If all 40 of these fund managers are bullish on Brazil, who is left to buy? This combined with a credit bubble, as mentioned here, here, here, here, here, here, here and probably elsewhere made it obvious.
The recent 20% down move after these posts should not be a surprise. These guys will face redemptions and justifiably will lose the right to manage capital, at least for a while.
This is why I’ve been long puts on Brazillian Iron Ore Manufacturer since the Spring. Hat tip to James Chanos.
The latest rosy report came Tuesday from J.P. Morgan, which released a survey of 40 institutional investors in North America and Europe, finding them upbeat about investment opportunities in Latin America over the next three years and applauding improvements in investor relations.

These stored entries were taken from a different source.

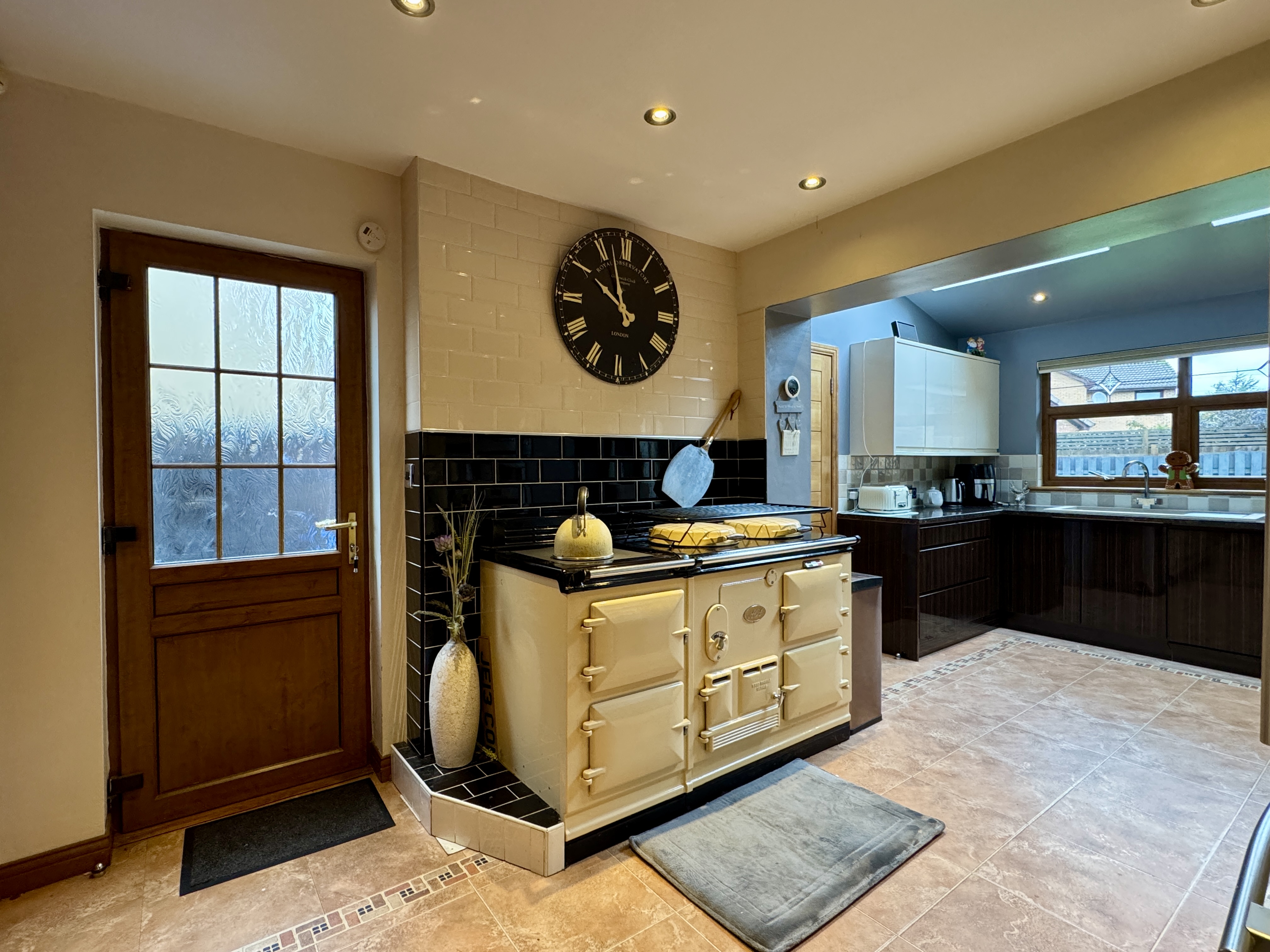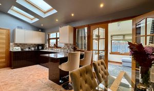 - Impressive breakfasting kitchen with integrated appliances including Siemens coffee maker, microwave, Aga 3 oven with matching Aga American fridge freezer and Bosch dishwasher
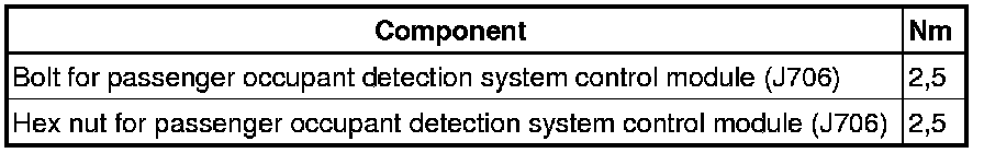 If it is not possible to pass passenger occupant detection system control module (J706) through the narrow opening, disconnect the connector on the control module - 5 - and remove the control module. Only perform this step if it pertains to the passenger occupant detection system as delivered from the factory. (In the original vehicle delivery state, passenger occupant detection systems cannot be removed without destroying them.)
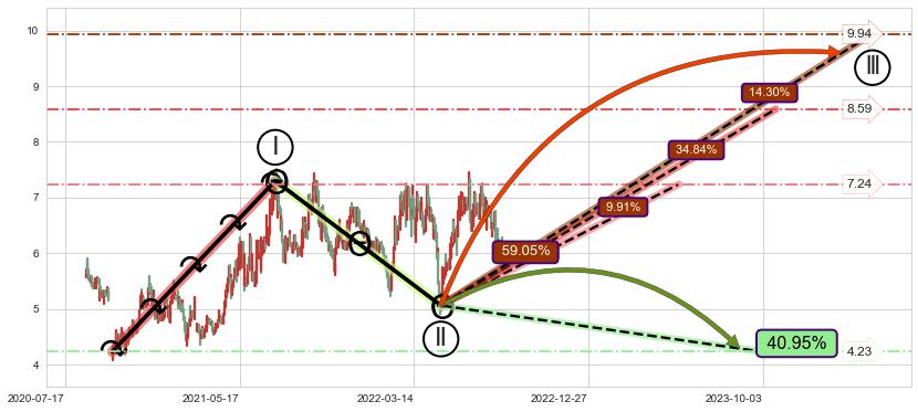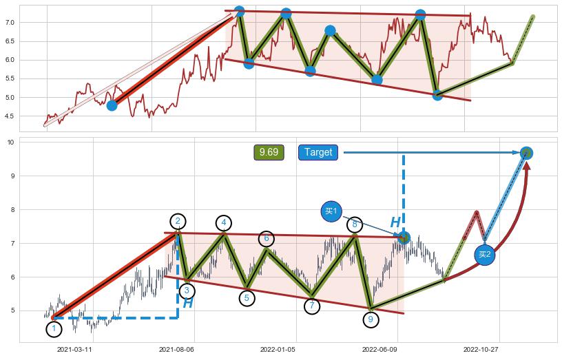 ➢ 【仅预测突破】最后价格:5.90与预测突破价格:7.17→【空间临近】后续最小【整理】第一目标价格→(2022-12-05: 9.69 )
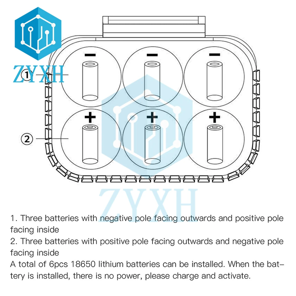 5. Когда не используется в течение длительного времени, выньте запасную батарею, которая совместима только с литиевой батареей 18650.
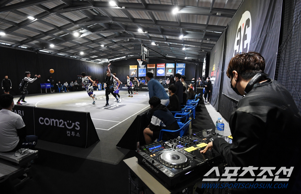 컴투스 KOREA3X3 프리미어리그 2020 2라운드 한울건설과 데상트범퍼스의 경기가 9일 오후 고양 스타필드 스포츠몬스터코트에서 열렸다. 디제이의 음악의 울려퍼지는 가운데 양팀 선수들이 치열한 공방전을 펼치고 있다. 고양=정재근 기자 cjg@sportschosun.com
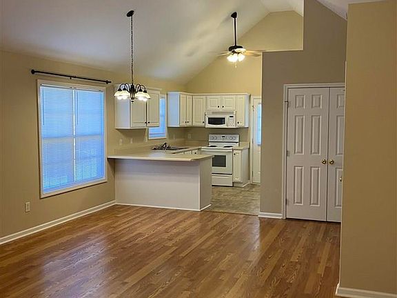 charming, one story home on a corner lot. open floor plan, with cathedral ceilings. separate master bedroom and bathroom. laminate and vinyl flooring. Move in ready.
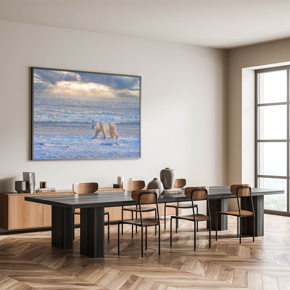 Capture the majestic beauty of the Arctic with this stunning wall art featuring a lone polar bear walking across the frozen landscape of Manitoba. The bear, set against a backdrop of icy seas and soft light breaking through the clouds, embodies the wild and untamed beauty of nature in its purest form. The calm yet powerful presence of the polar bear in this wintry scene will inspire admiration for the Arctic's serenity and strength.

A majority of these investors, who together hold approximately $57.3 billion of actively managed equity in Latin American companies, view Brazil as the country with the highest investor-relations standards. Mexico, along with Peru, ranked last, partly because of the disparity in investor relations standards between blue-chip companies (which make it easy to find and obtain information for investors and shareholders) and smaller companies (which tend not to be as open with their information).
Survey participants named Brazil and Colombia as the most promising countries for investment opportunities over the next three years; Brazil’s rapidly expanding middle class promises to yield tremendous growth, while Colombia’s pro-business government is attractive to investors. Argentina and Venezuela were viewed as the least promising, because of the perception of unstable or unpredictable governments.